Door, a X. E. county of Wisconsin, consisting of a narrow peninsula between Green bay and Lake Michigan; area, 625 sq. m.; pop. in 1870, 4,919. The chief productions in 1870 were 34,585 bushels of wheat, 22,103 of oats, 43,157 of potatoes, 1,835 tons of hay, and 56,861 lbs. of butter. The total value of live stock was $103,639. Capital, Gibraltar.


Dorak, a town of Persia, in the province of Khuzistan, situated at the junction of a small river of the same name with the Jeralii, about 30 m. from where the latter empties into the Persian gulf, and about 90 m. S. of Sinister; pop. variously estimated from 6,000 to 12,000. It stands upon a marshy plain, and is defended by mud walls and a fort, and surrounded by date plantations. There is a palace of the governor built of brick, which has long been falling into decay. There are manufactures of Arabian fabrics and garments, and a considerable commerce by means of the canal connecting the Dorak and the Karun, and exports to all parts of Persia and Arabia.
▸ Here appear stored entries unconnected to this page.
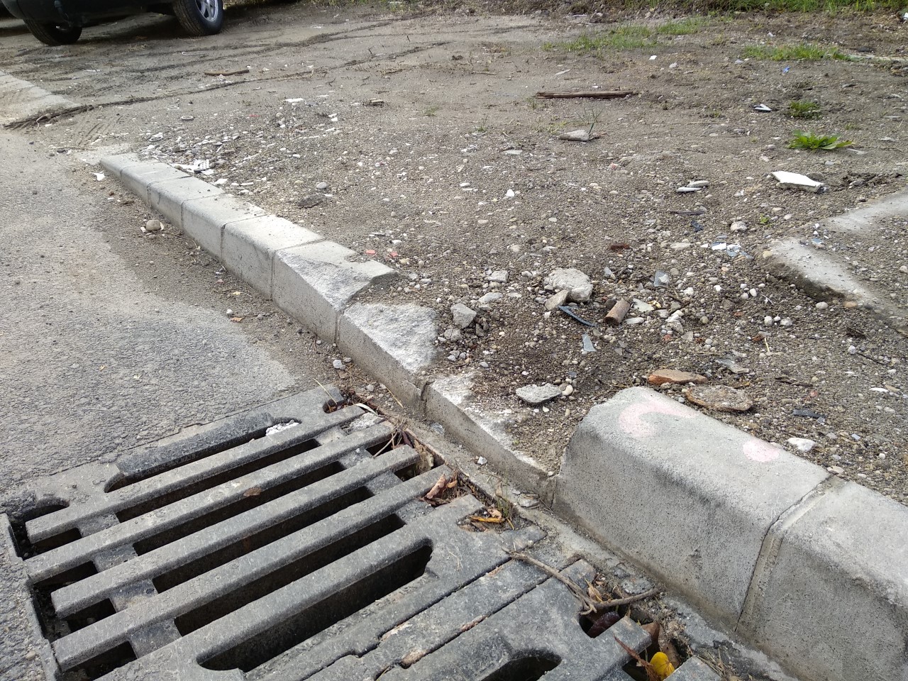 És ez maradt a lomtalanítás után több, mint egy hónappal… Üvegszilánkok mindenütt, ráadásul sikerült a pár héttel korábban lerakott új szegélyköveket is tönkretenni…
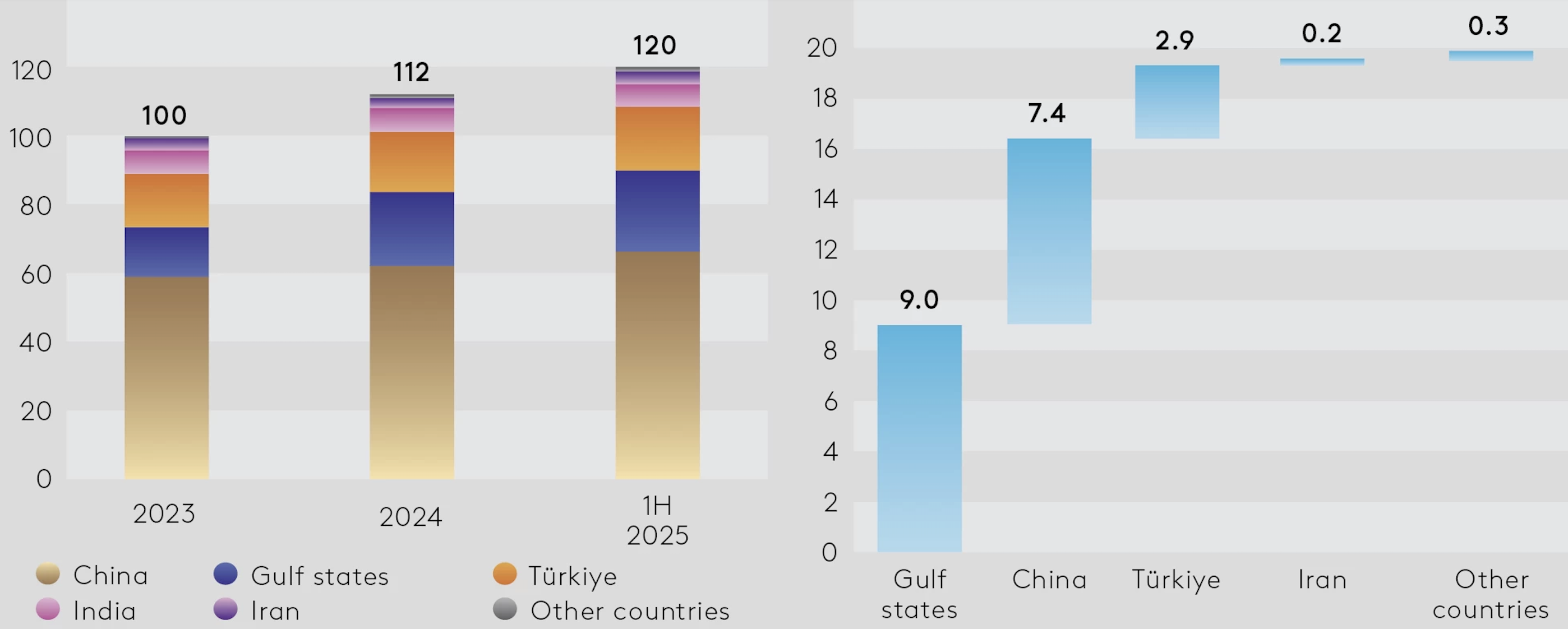 Almost all of the capital came from a handful of Asian economies. China remains the largest single investor, with $66.1bn, or 55% of total Asian FDI stock in the Eurasian region. It is followed by the Gulf states with $23.9bn (20%), Turkey with $12.3bn (15.5%), and India with $6.8bn (5.7%). Together, the four countries account for around 96% of all Asian investment in the region.
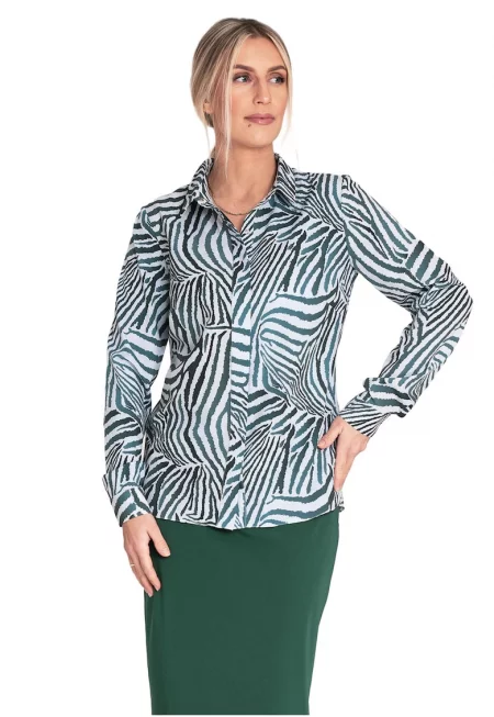 Дълга риза M545 - овърсайз - зелена - полиестерна - елегантна
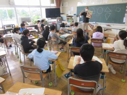4年生の図工の授業です。これから木工の「ギコギコトントン」という教材を作る最初の話でした。
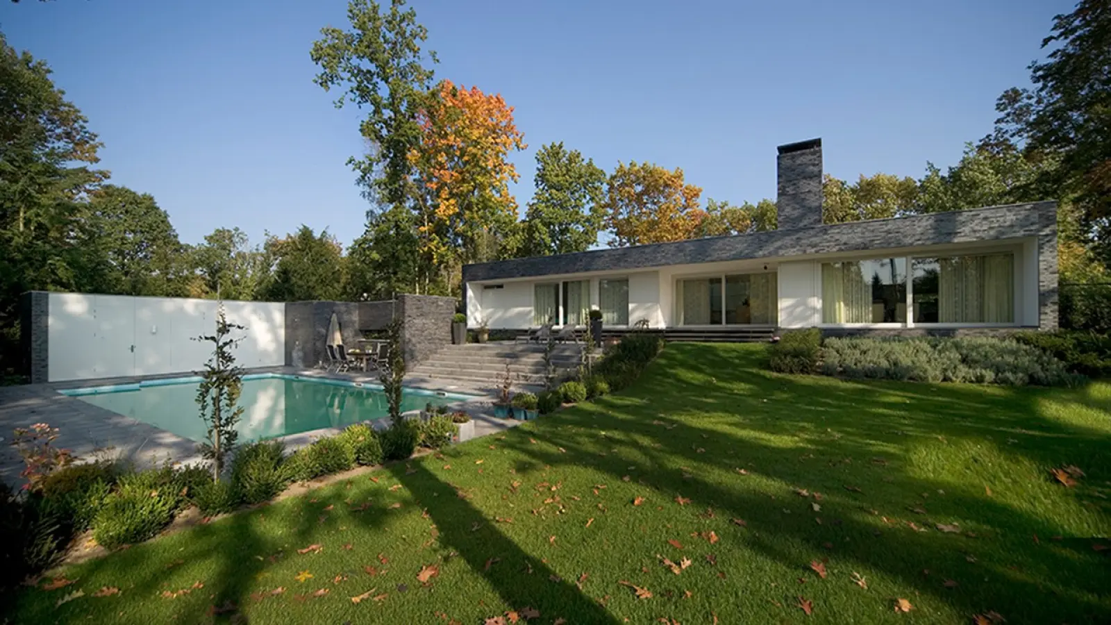 De u-vorm bood ook uitkomst bij de wens om lange looplijnen te maken. Door de woonkamer in het ene uiteinde te situeren en de slaapkamer in het uiteinde van de andere poot, is een lange looproute ontstaan.

Dorchester (anc. Durnovaria), a municipal and parliamentary borough of England, capital of Dorsetshire, near the river Frome, 113 m. S. W. of London; pop. in 1871, 6,915. It contains three churches, several dissenting chapels, schools and charitable institutions, a theatre, large cavalry barracks, and a county museum. It has considerable trade in beer, butter, sheep, and lambs. The Romans surrounded it with a wall. Athelstan made it the seat of two mints, and during the civil war it witnessed many severe battles. After the duke of Monmouth's rebellion in 1685, the assizes were held here by Jeffreys, who sentenced 109 of the insurgents to death, 13 of whom were executed. In the vicinity are the remains of a Roman amphitheatre with seats for 13,000 spectators, and a camp, and of a British station called Maiden castle.